I am currently using Google Cloud Dataflow and Apache Beam to consume messages from a Kafka topic that exists in two different Kafka clusters, with both clusters containing the same topic names but different data in the topics. The Kafka clusters are separated because they contain data from separate regions.

I am just wondering if it is possible to consume data from both of the clusters by listing all of the bootstrap servers for both clusters in a single KafkaIO.read Dataflow pipeline step?

.withBootstrapServers("CLUSTER1_SERVER:PORT,CLUSTER2_SERVER:PORT");

I was reading documentation regarding Kafka bootstrap servers and it wasn't clear to me if after connecting to a bootstrap server, messages would only be consumed from the first successful bootstrap server connection cluster, or if it would try all bootstrap servers provided and consume from all clusters found. If the former is the case, then I will need to create a second Dataflow pipeline to process the messages from the second cluster, but it would be much easier if I could process messages from both clusters in a single pipeline.

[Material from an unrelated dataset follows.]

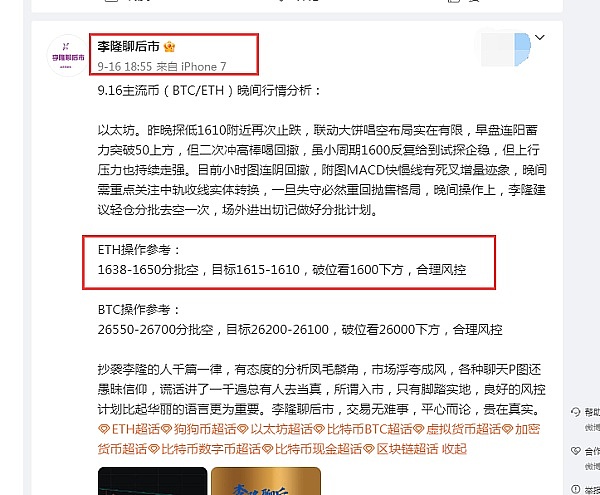 以太坊。周一早盘再次给力,周末李隆强调反弹无力,围绕38去分批空,1600关口再次精准失守,点位依旧精准吻合,盘中理性稳健取舍。李隆聊后市,交易无难事,平心而论,贵在真实。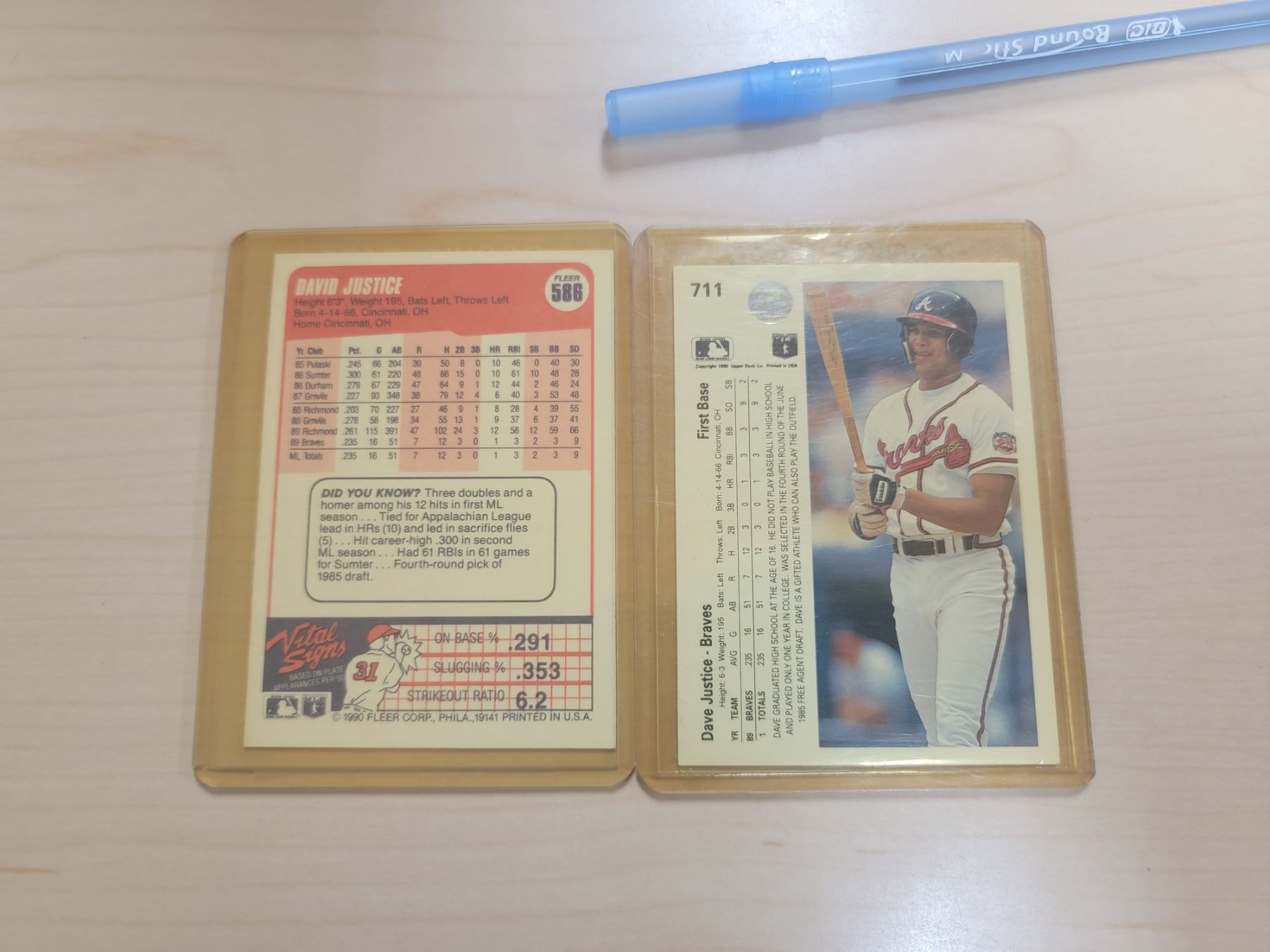two David Justice rookie cards

Any information would be greatly appreciated.

2
Could you please share the documentation you have followed and Dataflow version? Thanks!aga
@muscat I followed the documentation on this page: kafka.apache.org/documentation and the Dataflow/Apache Beam version I am currently using is 2.18eagerbeaver

2 Answers

0
votes

Beam KafkaIO just passes this flag to Kafka's ConsumerConfig's BOOTSTRAP_SERVERS_CONFIG flag. I think this parameter is for passing in multiple brokers from the same Kafka cluster for failover. Not for passing in servers from different Kafka clusters. See here for details regarding the Kafka architecture. I suspect when you specify servers from multiple clusters it just picks the first live one.

0
votes

I don't think it's a good idea to read from different clusters by the same KafkaIO instance since, under the hood, it uses KafkaConsumer to read messages and it will read only from one cluster by design, it's not intended to be used for failover case. Also, actually there are two Kafka consumers used in KafkaIO (one for messages, another one for offsets), so it could be even worse and result will be unpredictable.

In the mean time, you can have two KafkaIO sources for different clusters and then join messages by key or any other property downstream.